* [AIM OF THE TASK]:
Write out the data below exactly, beginning with the first line and ending once the line that has "ベビーキッズに触れる面は、ボ" is written.

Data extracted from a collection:
- - -
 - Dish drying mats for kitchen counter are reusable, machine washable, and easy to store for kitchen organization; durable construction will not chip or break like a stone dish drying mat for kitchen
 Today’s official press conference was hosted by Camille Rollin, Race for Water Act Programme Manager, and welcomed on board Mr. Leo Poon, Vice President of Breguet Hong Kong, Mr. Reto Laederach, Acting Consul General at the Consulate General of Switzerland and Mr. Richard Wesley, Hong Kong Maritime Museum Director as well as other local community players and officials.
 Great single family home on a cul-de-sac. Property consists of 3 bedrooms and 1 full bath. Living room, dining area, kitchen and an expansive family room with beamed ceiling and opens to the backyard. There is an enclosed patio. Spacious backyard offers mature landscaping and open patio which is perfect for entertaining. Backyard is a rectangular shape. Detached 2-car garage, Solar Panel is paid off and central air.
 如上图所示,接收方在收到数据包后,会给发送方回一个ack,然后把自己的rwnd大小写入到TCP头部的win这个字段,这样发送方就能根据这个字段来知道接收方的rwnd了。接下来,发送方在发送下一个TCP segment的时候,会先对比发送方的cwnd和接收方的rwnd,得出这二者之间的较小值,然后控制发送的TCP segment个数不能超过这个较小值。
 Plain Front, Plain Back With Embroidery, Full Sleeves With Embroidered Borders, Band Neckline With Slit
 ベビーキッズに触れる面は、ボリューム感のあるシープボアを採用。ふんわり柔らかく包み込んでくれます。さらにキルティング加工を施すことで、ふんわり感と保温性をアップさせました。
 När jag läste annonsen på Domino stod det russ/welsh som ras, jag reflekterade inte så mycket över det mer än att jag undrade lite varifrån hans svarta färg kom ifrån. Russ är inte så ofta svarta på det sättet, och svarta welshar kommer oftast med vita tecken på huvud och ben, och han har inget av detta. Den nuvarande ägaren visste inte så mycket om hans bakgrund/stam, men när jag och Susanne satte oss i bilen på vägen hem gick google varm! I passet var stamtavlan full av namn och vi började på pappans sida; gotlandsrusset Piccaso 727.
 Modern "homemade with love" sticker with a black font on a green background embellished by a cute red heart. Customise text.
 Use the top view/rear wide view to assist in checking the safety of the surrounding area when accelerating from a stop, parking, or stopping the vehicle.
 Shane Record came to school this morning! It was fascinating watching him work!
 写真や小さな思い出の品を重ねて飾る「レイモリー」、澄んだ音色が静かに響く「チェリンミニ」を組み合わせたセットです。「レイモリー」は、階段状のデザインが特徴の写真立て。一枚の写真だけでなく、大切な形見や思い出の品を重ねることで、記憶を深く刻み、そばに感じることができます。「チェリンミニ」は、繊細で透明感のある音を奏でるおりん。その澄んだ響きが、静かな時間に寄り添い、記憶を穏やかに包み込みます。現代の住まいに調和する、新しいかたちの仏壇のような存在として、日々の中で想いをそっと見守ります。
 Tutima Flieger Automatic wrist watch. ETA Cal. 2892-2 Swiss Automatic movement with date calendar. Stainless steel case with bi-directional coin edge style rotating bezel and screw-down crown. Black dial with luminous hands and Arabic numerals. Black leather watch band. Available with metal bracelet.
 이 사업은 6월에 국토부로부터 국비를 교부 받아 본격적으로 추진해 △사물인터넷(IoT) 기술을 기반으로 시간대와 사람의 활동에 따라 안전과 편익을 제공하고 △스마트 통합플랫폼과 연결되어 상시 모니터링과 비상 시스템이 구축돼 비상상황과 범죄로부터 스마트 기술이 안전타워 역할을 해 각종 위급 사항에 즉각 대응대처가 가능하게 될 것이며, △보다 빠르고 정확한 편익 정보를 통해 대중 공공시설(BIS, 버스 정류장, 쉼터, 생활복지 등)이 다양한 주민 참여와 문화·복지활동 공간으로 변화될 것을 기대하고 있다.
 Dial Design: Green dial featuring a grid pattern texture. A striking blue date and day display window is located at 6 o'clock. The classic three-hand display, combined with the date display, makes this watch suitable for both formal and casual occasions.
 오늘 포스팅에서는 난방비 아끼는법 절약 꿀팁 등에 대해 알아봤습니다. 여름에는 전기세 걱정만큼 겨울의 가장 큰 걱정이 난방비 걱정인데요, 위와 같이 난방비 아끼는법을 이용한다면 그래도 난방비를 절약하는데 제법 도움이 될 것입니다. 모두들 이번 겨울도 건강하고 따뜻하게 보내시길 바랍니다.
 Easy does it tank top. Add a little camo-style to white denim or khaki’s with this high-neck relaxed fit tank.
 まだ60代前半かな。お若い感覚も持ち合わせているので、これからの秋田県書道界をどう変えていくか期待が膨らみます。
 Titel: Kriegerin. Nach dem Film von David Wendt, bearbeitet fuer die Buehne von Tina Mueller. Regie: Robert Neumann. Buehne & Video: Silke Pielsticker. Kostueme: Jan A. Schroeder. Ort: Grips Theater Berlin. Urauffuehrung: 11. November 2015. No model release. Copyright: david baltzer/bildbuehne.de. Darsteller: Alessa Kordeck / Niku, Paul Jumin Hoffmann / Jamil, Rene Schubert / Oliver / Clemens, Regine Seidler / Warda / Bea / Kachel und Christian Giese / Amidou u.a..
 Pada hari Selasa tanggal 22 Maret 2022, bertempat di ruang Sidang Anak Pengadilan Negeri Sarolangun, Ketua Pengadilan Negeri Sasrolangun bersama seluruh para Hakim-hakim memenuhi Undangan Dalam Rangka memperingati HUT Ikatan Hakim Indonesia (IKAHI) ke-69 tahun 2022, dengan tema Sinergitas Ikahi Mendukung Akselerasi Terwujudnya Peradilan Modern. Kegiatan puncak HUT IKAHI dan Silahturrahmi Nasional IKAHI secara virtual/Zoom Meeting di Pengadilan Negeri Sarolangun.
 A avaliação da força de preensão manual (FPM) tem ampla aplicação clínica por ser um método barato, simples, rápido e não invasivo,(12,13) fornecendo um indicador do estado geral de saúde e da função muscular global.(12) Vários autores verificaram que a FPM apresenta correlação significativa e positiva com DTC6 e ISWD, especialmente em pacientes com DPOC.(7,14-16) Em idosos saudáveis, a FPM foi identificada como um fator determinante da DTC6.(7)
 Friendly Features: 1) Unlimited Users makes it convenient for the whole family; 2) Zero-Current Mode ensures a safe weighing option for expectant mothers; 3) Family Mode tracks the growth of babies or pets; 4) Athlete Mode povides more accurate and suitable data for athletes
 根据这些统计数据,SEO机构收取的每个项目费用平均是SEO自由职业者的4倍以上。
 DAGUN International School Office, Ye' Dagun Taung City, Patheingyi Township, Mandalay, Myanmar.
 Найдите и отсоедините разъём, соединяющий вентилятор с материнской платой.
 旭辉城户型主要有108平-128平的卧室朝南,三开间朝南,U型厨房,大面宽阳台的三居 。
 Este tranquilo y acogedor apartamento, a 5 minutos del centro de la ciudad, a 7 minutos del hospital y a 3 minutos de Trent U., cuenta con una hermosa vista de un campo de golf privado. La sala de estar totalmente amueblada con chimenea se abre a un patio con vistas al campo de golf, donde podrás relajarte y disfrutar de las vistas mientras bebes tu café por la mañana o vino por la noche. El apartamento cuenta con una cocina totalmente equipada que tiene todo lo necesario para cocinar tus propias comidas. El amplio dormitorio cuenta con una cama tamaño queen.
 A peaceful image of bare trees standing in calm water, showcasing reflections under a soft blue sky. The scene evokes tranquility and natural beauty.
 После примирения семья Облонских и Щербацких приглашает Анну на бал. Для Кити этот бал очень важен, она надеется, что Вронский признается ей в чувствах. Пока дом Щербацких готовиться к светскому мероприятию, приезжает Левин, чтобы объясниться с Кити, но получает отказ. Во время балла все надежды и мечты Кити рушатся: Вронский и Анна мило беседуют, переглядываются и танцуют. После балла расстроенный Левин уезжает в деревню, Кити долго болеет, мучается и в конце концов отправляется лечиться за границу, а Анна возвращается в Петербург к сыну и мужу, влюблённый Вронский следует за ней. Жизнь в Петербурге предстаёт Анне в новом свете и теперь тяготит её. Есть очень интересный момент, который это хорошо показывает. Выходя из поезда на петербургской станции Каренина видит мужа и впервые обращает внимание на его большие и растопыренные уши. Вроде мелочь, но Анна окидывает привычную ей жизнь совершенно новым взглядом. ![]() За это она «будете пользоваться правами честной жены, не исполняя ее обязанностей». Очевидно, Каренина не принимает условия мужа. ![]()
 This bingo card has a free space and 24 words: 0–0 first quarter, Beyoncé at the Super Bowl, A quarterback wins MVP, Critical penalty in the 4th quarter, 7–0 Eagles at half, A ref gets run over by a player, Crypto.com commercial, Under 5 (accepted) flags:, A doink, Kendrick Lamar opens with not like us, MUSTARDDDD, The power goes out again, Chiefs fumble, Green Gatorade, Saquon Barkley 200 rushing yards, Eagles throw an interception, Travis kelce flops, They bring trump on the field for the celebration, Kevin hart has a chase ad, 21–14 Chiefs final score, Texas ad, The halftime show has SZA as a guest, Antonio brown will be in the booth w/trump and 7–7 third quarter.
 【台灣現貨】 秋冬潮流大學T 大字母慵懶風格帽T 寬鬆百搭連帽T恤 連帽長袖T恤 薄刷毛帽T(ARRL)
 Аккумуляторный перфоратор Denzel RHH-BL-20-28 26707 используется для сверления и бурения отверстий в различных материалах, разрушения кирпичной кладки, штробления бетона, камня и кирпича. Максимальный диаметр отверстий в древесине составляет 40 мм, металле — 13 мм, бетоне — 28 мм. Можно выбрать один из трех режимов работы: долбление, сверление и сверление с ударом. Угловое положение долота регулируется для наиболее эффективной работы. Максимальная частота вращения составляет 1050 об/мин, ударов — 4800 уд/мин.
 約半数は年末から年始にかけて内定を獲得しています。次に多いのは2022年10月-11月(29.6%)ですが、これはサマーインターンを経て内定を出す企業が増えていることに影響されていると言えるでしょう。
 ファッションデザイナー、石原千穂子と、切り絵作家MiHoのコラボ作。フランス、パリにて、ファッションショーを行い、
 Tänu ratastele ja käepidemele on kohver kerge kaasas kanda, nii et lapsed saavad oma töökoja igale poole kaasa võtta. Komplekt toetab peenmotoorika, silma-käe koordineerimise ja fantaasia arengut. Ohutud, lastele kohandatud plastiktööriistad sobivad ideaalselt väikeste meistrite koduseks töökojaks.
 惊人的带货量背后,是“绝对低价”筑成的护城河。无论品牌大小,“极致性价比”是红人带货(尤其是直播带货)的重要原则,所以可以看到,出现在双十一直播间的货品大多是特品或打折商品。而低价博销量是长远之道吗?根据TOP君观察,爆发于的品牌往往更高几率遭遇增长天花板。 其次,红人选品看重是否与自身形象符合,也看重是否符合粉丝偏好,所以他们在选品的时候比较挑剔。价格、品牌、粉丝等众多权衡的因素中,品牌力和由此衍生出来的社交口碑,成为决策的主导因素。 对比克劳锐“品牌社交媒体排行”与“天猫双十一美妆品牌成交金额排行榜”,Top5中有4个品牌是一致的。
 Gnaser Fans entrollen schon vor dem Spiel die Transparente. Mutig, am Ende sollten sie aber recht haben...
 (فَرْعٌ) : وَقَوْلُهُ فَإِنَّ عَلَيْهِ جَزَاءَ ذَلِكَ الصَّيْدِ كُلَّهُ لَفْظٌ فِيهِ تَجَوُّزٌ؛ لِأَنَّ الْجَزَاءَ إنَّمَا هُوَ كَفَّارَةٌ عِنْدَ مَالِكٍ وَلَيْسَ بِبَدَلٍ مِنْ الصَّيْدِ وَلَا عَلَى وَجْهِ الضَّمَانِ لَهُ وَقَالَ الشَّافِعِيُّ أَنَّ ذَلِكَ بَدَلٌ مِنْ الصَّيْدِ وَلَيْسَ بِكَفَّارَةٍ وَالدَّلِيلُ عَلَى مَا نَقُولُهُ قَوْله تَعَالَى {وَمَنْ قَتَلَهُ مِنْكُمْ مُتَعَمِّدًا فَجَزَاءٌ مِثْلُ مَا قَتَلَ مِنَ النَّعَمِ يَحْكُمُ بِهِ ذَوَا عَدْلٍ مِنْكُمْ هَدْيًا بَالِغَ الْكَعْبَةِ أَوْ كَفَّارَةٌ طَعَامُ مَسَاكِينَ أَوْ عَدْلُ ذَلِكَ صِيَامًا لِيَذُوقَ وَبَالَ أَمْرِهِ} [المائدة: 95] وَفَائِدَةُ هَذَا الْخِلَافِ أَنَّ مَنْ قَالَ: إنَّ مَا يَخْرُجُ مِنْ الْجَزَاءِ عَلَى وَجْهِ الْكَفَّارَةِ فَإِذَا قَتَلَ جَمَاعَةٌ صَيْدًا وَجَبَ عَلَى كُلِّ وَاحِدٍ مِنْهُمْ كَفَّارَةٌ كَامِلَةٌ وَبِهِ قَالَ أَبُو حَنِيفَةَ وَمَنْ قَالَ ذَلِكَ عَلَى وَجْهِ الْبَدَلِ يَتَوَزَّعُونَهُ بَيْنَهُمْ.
- - -
* [RESPONSE TO THE TASK]:
 - Dish drying mats for kitchen counter are reusable, machine washable, and easy to store for kitchen organization; durable construction will not chip or break like a stone dish drying mat for kitchen
 Today’s official press conference was hosted by Camille Rollin, Race for Water Act Programme Manager, and welcomed on board Mr. Leo Poon, Vice President of Breguet Hong Kong, Mr. Reto Laederach, Acting Consul General at the Consulate General of Switzerland and Mr. Richard Wesley, Hong Kong Maritime Museum Director as well as other local community players and officials.
 Great single family home on a cul-de-sac. Property consists of 3 bedrooms and 1 full bath. Living room, dining area, kitchen and an expansive family room with beamed ceiling and opens to the backyard. There is an enclosed patio. Spacious backyard offers mature landscaping and open patio which is perfect for entertaining. Backyard is a rectangular shape. Detached 2-car garage, Solar Panel is paid off and central air.
 如上图所示,接收方在收到数据包后,会给发送方回一个ack,然后把自己的rwnd大小写入到TCP头部的win这个字段,这样发送方就能根据这个字段来知道接收方的rwnd了。接下来,发送方在发送下一个TCP segment的时候,会先对比发送方的cwnd和接收方的rwnd,得出这二者之间的较小值,然后控制发送的TCP segment个数不能超过这个较小值。
 Plain Front, Plain Back With Embroidery, Full Sleeves With Embroidered Borders, Band Neckline With Slit
 ベビーキッズに触れる面は、ボリューム感のあるシープボアを採用。ふんわり柔らかく包み込んでくれます。さらにキルティング加工を施すことで、ふんわり感と保温性をアップさせました。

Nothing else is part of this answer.